DTE Front Group Launches Misinformation Campaign Against Grassroots Public Power Effort
April 21, 2026
Ann Arbor, Michigan. DTE Energy has launched a massive misinformation campaign against public power. The new industry-funded front group “Ann Arbor Responsible Energy Coalition” started aggressive social media ads and paid canvassing last week. The campaign uses out-of-state donations to spread false conclusions from a DTE-funded study, wildly exaggerating the costs of municipalizing the local electric grid and attempting to mislead Ann Arbor voters during a pro-democratic, grassroots ballot initiative to establish a public power board.
Last week, public power organizers discovered that the “Ann Arbor Responsible Energy Coalition” website under construction, was populated with “expert opinions” against public power – in Clearwater, Florida. A Tampa Bay Times investigation into industry-backed actors found other links between the Clearwater anti-municipalization campaign and those in Maine and Ann Arbor, suggesting a coordinated nationwide effort to discredit public power. The anti-public power campaign in Clearwater has been reported engaging in predatory canvassing tactics, opening the question as to whether or not similar tactics will be used in Ann Arbor.
“Establishing a faux grassroots group to undermine real local organizations like ours, or ‘astroturfing,’ is a deplorable tactic,” said Ann Arbor for Public Power (A2P2) Executive Director Brian Geiringer. “Instead of engaging in open debate, DTE is subverting democracy by using a front group to spread fear and misinformation. We believe Ann Arborites will see through the deception.”
According to campaign disclosures, the Ann Arbor Responsible Energy Coalition’s original mailing address is One Energy Plaza: DTE Energy’s headquarters.
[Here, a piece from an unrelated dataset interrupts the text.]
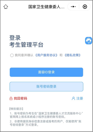 考生注冊并完成個人信息維護(hù)后,可通過“面容ID登錄”或“賬號密碼登錄”考生管理平臺。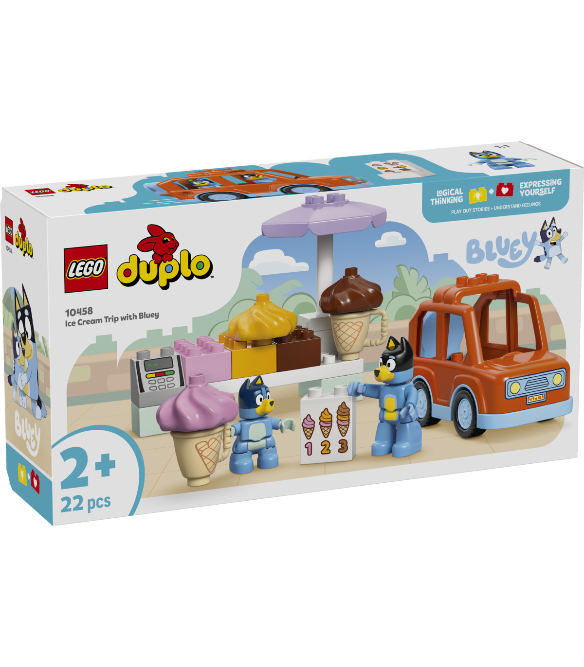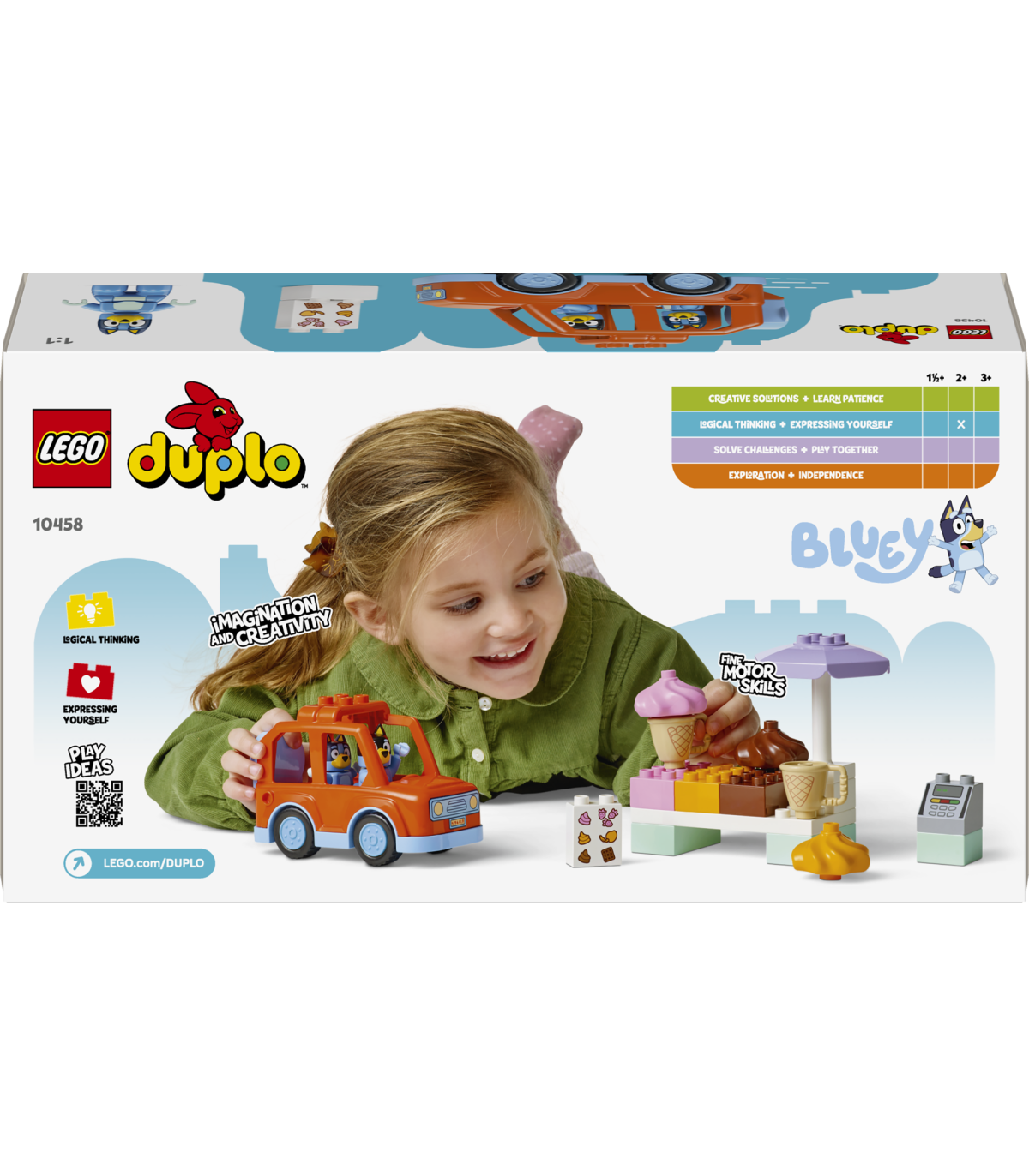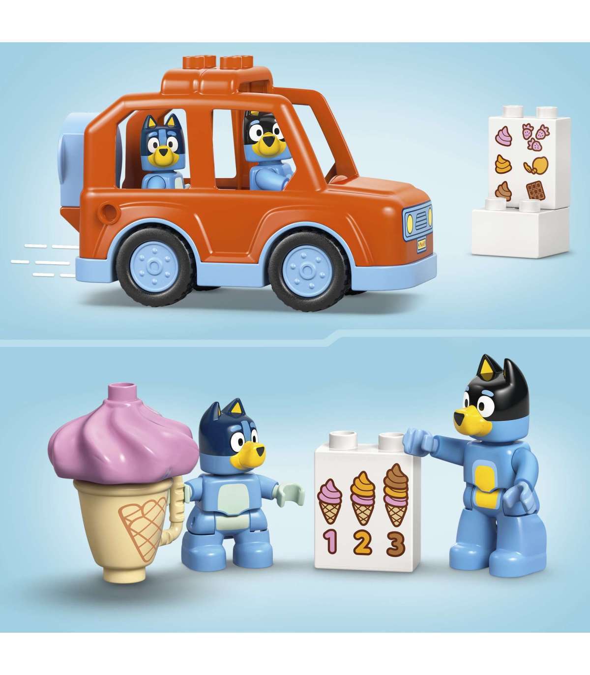 • Jäätiseleti ja sõiduki mängukomplekt, mis on inspireeritud Bluey telesaatest – vii koolieelikud Heelerite pere lõbusasse maailma LEGO® DUPLO® komplektiga Jäätisereis koos Blueyga

The only donations reported in A2REC’s campaign finance filings are multiple $25,000 donations from outside of Ann Arbor – including from the national investor-owned utility lobby in Washington, DC. Its website cites figures from an “independent analysis” by Charles River Associates, when in fact DTE paid entirely for the study. The assumptions behind its cost estimates are largely false, which A2P2 has documented in a point-by-point rebuttal. “As we’ve shown, the real costs of municipalizing are many times lower than the study’s estimate, and nowhere approach a billion dollars, or even half that,” says Geiringer. “The public benefits, in terms of clean energy, greater reliability, and lower rates in the long term, would be enormous. And our current ballot initiative, to establish a public utility governance structure, would cost taxpayers basically nothing.”
A2P2 is now petitioning to place a charter amendment on the November ballot. Approval would set the process for creating in 2028 the utility governing board, with five elected and four appointed members, including one seat reserved for organized labor. Costs would be minimal. A separate future referendum would be necessary for the city utility to acquire DTE’s assets and serve local ratepayers.